### SOURCE INFORMATION:
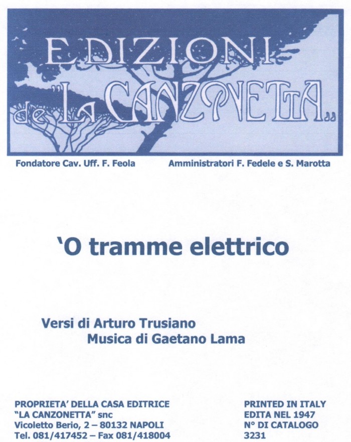 'O tramme elettrico (Versi di Arturo Trusiano - Musica di Gaetano Lama). Spartito musicale di Canto & Piano edito dalla casa editrice "La Canzonetta" nel 1947.
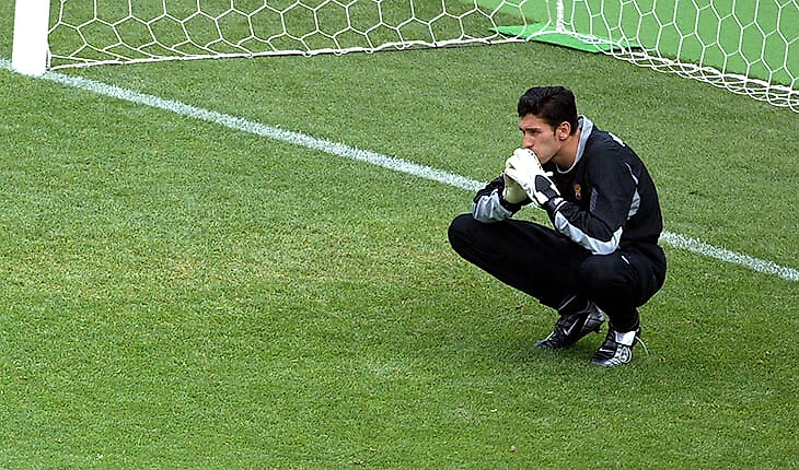 Руслан Нигматуллин расстраивается после матча. Кстати, запасным вратарем на том турнире был Станислав Черчесов.
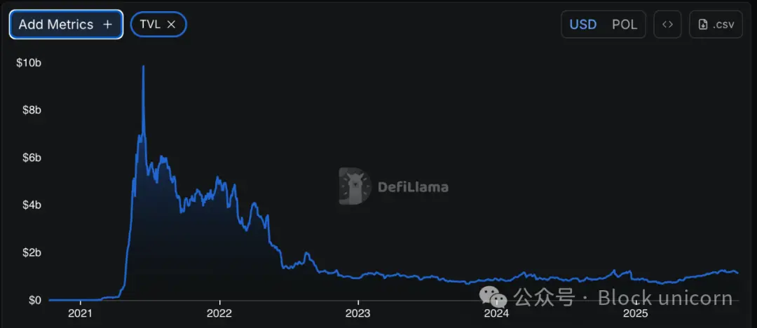 到 2025 年中,Polygon 面临新的挑战。$POL 价格从高点下跌超 80%。来自 Arbitrum 和 Optimism 的竞争性第二层解决方案正在抢占市场份额。公司在繁荣时期扩张到 600 名员工,导致文化问题和组织臃肿。
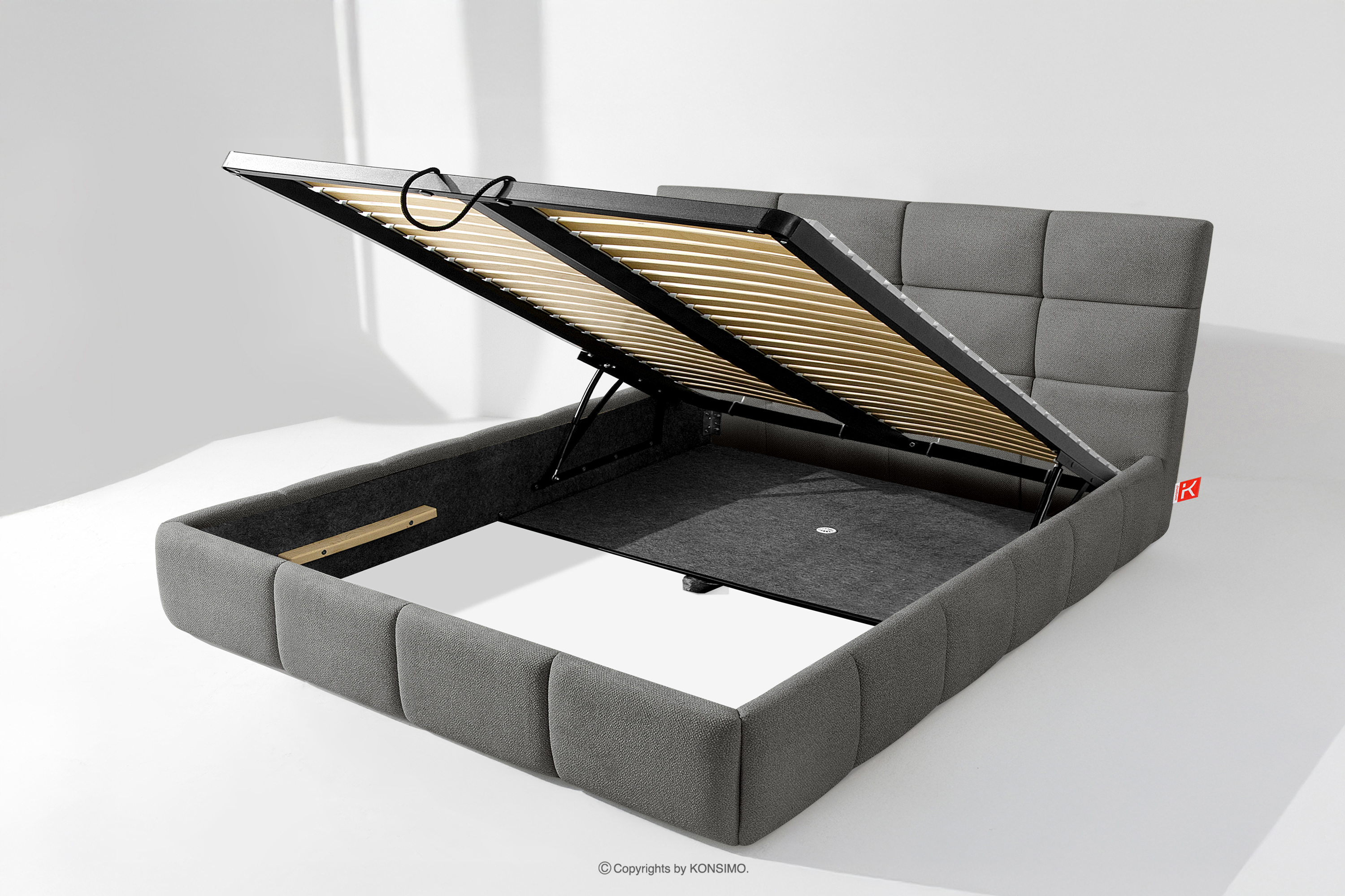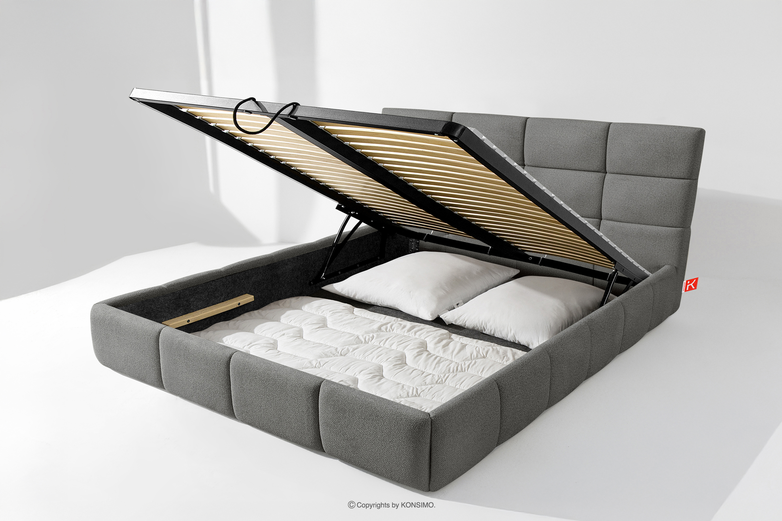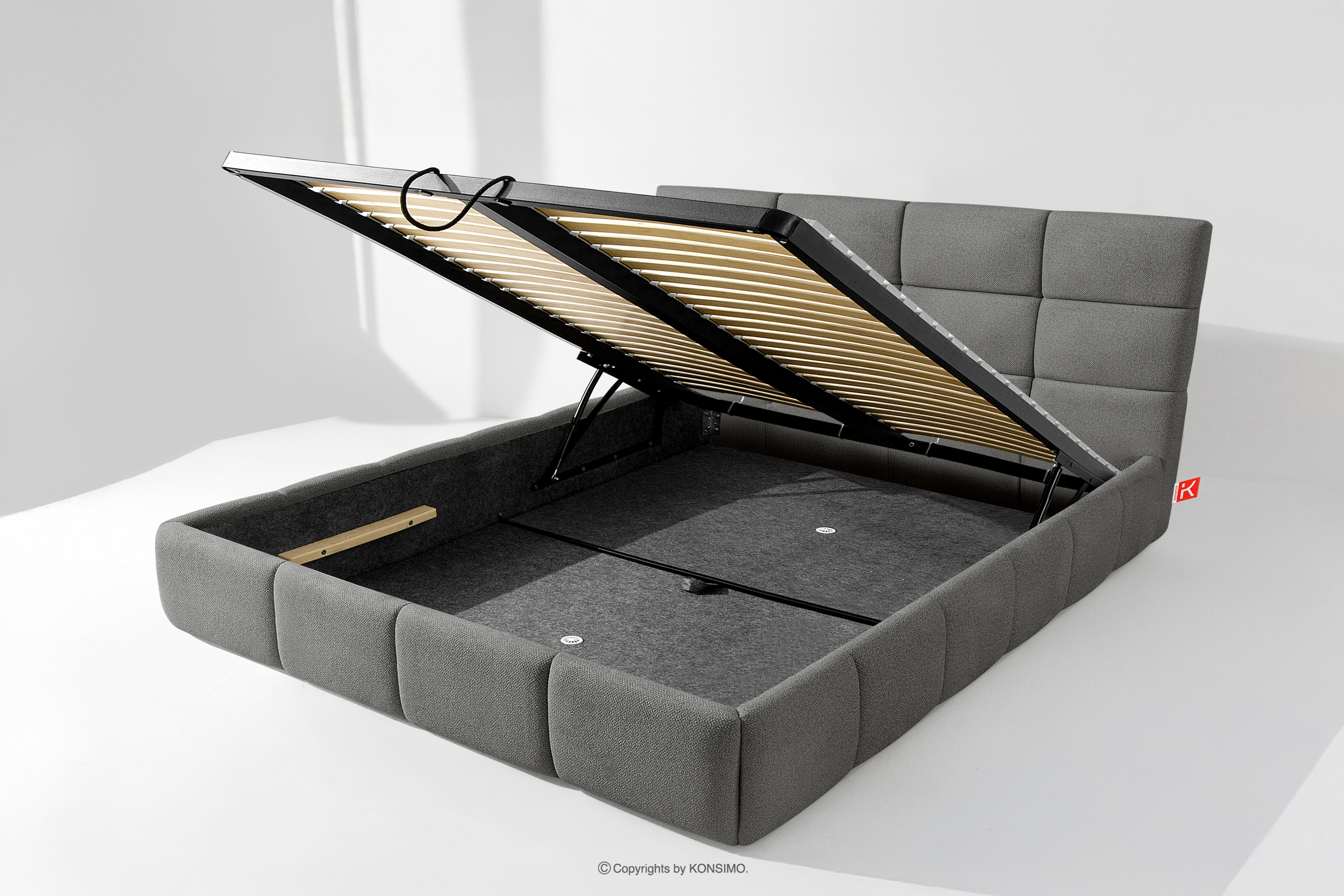 Ďalším komfortom je pohodlný kontajner na lôžkoviny, ktorý sa otvára vďaka moderným plynovým fľašiam - bez námahy a plne automaticky. Toto praktické riešenie umožňuje rýchly prístup k uloženej posteľnej bielizni bez nutnosti ručného zdvíhania ťažkého matraca.
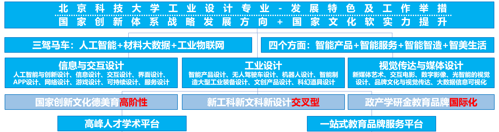 智能化已成为推动国家经济发展和社会进步的重要驱动力,实现国家高质量发展的必由之路,新工科新文科建设对培养设计学科交叉拔尖人才提出了更高要求,传统单一学科人才培养模式已无法适应上述需求。由长江学者特聘教授覃京燕领衔的教研团队,在建设北京科技大学工业设计、视觉传达设计、人工智能的国家级与北京市一流本科专业和北京市高精尖学科、智能科学与技术一级学科的基础上,构建多学科交叉、重大重点科研项目牵引的教学科研融合的人才培养模式,培养面向国家未来需求的设计学高水平人才。
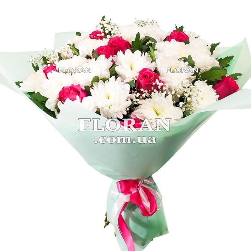 Троянди з хризантемами - код товару FL-1110. Букет з 9 рожевих і 18 хризантем буде чудовим поєднанням краси та витонченості. Рожеві троянди символізують нежність, романтику і любов. Вони є класичним вибором для вираження глибоких почуттів та емоцій. Рожевий колір також асоціюється з жіночністю, добротою і благородством. Хризантеми, у свою чергу, додають свіжості та яскравості в букет. Вони є символом радості, оптимізму та довголіття. Хризантеми доступні в різних кольорах, їх насиченість і текстура прекрасно поєднуються з трояндами. У цьому випадку білі та рожеві хризантеми можуть підчеркнути красоту рожевих троянд і створити враження виразності. Гіпсофіла, або як її ще називають мільйон зірок, додасть воздушности и легкости в композицию. Ее ніжні білі квіткові клубки створять ефект хмарності і придадуть букету вишуканості та романтичності.
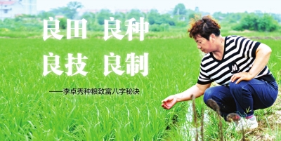 梳理这几年的种粮经历,李卓秀掰起手指头细算账,坦陈种粮致富八字秘诀:良田、良种、良技、良制。
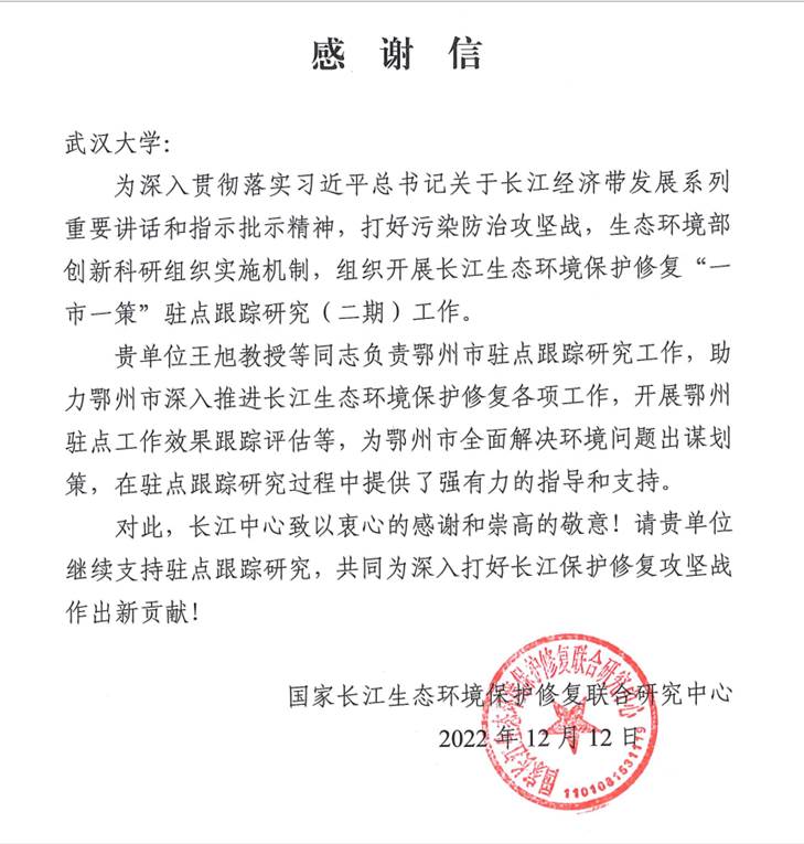 国家长江生态环境保护修复联合研究中心来函:感谢我院王旭老师为鄂州市驻点跟踪研究工作提供强有力的指导和支持
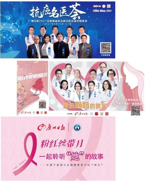 在15个获得年度健康传播金创意奖的项目中,悟空体育支持开展的项目就有3个:“2021全国肿瘤防治宣传周—抗癌名医荟”项目,参与组织邀请名医大咖通过精彩的肿瘤直播课,带来权威、实用、精彩的防癌知识,深受好评;“留住妈妈的微笑——关爱母亲月专题”项目,集结广东“乳癌大咖”,全方位解析乳腺癌防治,助每个孩子“留住妈妈的微笑”;“粉红丝带月——一起聆听她的故事”项目,通过名医与患者的对话,鼓励更多女性,带给患者希望,传递科学的乳腺癌防治知识。
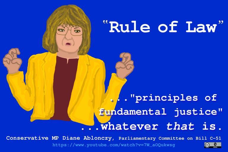 Keywords: diane ablonczy dianeablonczy harper government harpergovernment member of parliament memberofparliament bill c-51 c51 stopbillc51 regectfear I was stunned to hear Conservative MP Diane Ablonczy actually say this to the Parliamentary Committee on Bill C-51. We elect people to send to Ottawa to make law, so it is quite distressing to hear one of the lawmakers express sentiments so ignorant and dismissive of the law of the land. It inspired me to create a mini-poster with a caricature of Ms. Ablonczy tracing air quotations marks around "Rule of Law and "principles of fundamental justice". Here's the full quote: "Now the judge has to also consider, in addition to the Charter, and the CSIS Act, they have to consider something like "Rule of Law" they have to consider things like "principles of fundamental justice...whatever that is." Conservative MP Diane Ablonczy And you can see the video here: www.youtube.com/watch?v=7W_aOQukwsg I've released this into the Public Domain via CC0. And you can see the video here: www.youtube.com/watch?v=7W_aOQukwsg I've released this into the Public Domain via CC0. I was stunned to hear Conservative MP Diane Ablonczy actually say this to the Parliamentary Committee on Bill C-51. We elect people to send to Ottawa to make law, so it is quite distressing to hear one of the lawmakers express sentiments so ignorant and dismissive of the law of the land. It inspired me to create a mini-poster with a caricature of Ms. Ablonczy tracing air quotations marks around "Rule of Law and "principles of fundamental justice". Here's the full quote: "Now the judge has to also consider, in addition to the Charter, and the CSIS Act, they have to consider something like "Rule of Law" they have to consider things like "principles of fundamental justice...whatever that is." Conservative MP Diane Ablonczy And you can see the video here: www.youtube.com/watch?v=7W_aOQukwsg I've released this into the Public Domain via CC0. And you can see the video here: www.youtube.com/watch?v=7W_aOQukwsg I've released this into the Public Domain via CC0. |

### TASK GOAL:
For the material above, give again only the lines starting at the line that contains "到 2025 年中,Polygon" and ending at the line that contains "智能化已成为推动国家经济发展". Pictures do not belong in the copy.

### TASK OUTPUT:
 到 2025 年中,Polygon 面临新的挑战。$POL 价格从高点下跌超 80%。来自 Arbitrum 和 Optimism 的竞争性第二层解决方案正在抢占市场份额。公司在繁荣时期扩张到 600 名员工,导致文化问题和组织臃肿。
 Ďalším komfortom je pohodlný kontajner na lôžkoviny, ktorý sa otvára vďaka moderným plynovým fľašiam - bez námahy a plne automaticky. Toto praktické riešenie umožňuje rýchly prístup k uloženej posteľnej bielizni bez nutnosti ručného zdvíhania ťažkého matraca.
 智能化已成为推动国家经济发展和社会进步的重要驱动力,实现国家高质量发展的必由之路,新工科新文科建设对培养设计学科交叉拔尖人才提出了更高要求,传统单一学科人才培养模式已无法适应上述需求。由长江学者特聘教授覃京燕领衔的教研团队,在建设北京科技大学工业设计、视觉传达设计、人工智能的国家级与北京市一流本科专业和北京市高精尖学科、智能科学与技术一级学科的基础上,构建多学科交叉、重大重点科研项目牵引的教学科研融合的人才培养模式,培养面向国家未来需求的设计学高水平人才。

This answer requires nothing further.